Saturday, July 21, 2012

Hello! Hello! Anybody Home?

We know that but for immigration, the overall population of the United States would join the genuine contraction rate – where reproduction falls below replacement – being experienced in Japan, Europe and many other advanced nations on earth. “From 2000 to 2010 the U.S. population increased by the smallest rate than at any time since the Great Depression, rising 9.7 percent to approximately 308 million people, according to … census data. It’s yet another sign of the tough times that many Americans faced during the second half of the 2000s due to an ailing economy, but it only begins to paint a picture of the country’s money woes.” Newsweek, January 21, 2011. Whether it is a general conscious effort that comes with education or simply a reflection of the rising cost of living in developed nations (further exacerbated by a long-term economic downturn), it is not a trend experienced in the overpopulated and underdeveloped lands in Africa, Asia and Latin America.

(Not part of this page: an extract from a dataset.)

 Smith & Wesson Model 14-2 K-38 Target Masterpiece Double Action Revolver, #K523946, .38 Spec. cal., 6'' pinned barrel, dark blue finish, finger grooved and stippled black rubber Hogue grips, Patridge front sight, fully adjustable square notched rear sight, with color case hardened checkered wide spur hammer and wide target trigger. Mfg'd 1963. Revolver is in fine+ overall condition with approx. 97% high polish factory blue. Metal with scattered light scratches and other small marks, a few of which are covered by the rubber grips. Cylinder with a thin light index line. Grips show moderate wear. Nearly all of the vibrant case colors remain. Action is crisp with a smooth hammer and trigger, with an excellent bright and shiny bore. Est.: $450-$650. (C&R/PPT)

Demographic shifts in the United States, the shift of massive rust-belt manufacturing overseas and the collapse of the housing market have provided another shift in U.S. well-being. Not only is the average Canadian now economically better-off than the average American (at least in terms of net worth), but Canada is not experiencing the abandonment of major urban areas by reason of the trends noted above. With tighter bank regulation – creating a housing market where subprime loans just weren’t possible – Canadians have been able to maintain the value of their homes, the opposite of the American experience.

“One of the unfortunate results of a bad [U.S.] housing market are [sic] empty homes. Vacant properties have increased by 43.8 percent nationwide since 2000, according to the Census Bureau. Homes can be vacant for many reasons, but are defined by the bureau as both unoccupied rental inventory as well as homes that are unoccupied and ‘for sale.’ As of 2011, there were about 14.3 million year-round vacant housing units in the country, with a 10.6 percent gross vacancy rate that excludes seasonal vacancies such as vacation homes.” RealEstate.aol.com, July 19th.

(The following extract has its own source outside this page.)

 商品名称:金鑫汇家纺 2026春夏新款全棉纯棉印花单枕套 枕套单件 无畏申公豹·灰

Orlando (Fl.), Dayton (Oh.), Memphis (Tn.), Detroit (Mi.), Richmond (Va.), Las Vegas (Nv.), Atlanta (Ga.), Houston (Tx.), Tampa (Fl.) and Toledo (Oh.), in that order, lead the country in both rental and homeowner vacancy rates. And in terms of cities with the greatest population declines, three of the top ten are in Michigan (Flint, Grand Rapids and Detroit), three more are from fellow rust belt states (South Bend, Indiana; Pittsburgh, Pennsylvania; and Cleveland, Ohio), two from so-called “sand states” where good weather overheated the housing markets (Hialeah, Florida and Vallejo, California), one was decimated by a hurricane and never recovered (New Orleans, Louisiana) and one was home to an industrial leader, Kodak, that has filed for bankruptcy (Rochester, New York).

But what has happened to cities has been amplified in the mid-west and southwest among farmers and ranchers as weather patterns have seen their agricultural lands, crops and livestock dry up and almost blow away in some of the driest and hottest weather this country has faced in recorded history. Water supplies are dwindling; some – like the massive Ogallala Aquifer – might just dry up totally within our lifetimes. Relief is nowhere in sight.

But these are numbers and statistics. What they reflect is sustained pain, a permanent change in the American way of life that is taking whole generations of workers and potential workers out of the system, either because of obsolescence, outsourcing or climate change. We could choose to retrain those workers, begin to deal with our greenhouse gasses, create an environment with better infrastructure, add research supported by the government to generate new industries and new jobs and upgrade an educational system that will provide competitive value-added workers for a competitive future. Or we could blindly cut deficits, reduce taxes on the rich (hoping that with the extra money they will hire workers in a world without consumer demand), support a military that spends about 40%+ of the entire world’s military budget and more on defense research than the rest of the world combined… and kill all of the above. Hmmmm….

I’m Peter Dekom, and I wonder exactly when having common sense disqualified a potential candidate from running for office in this country.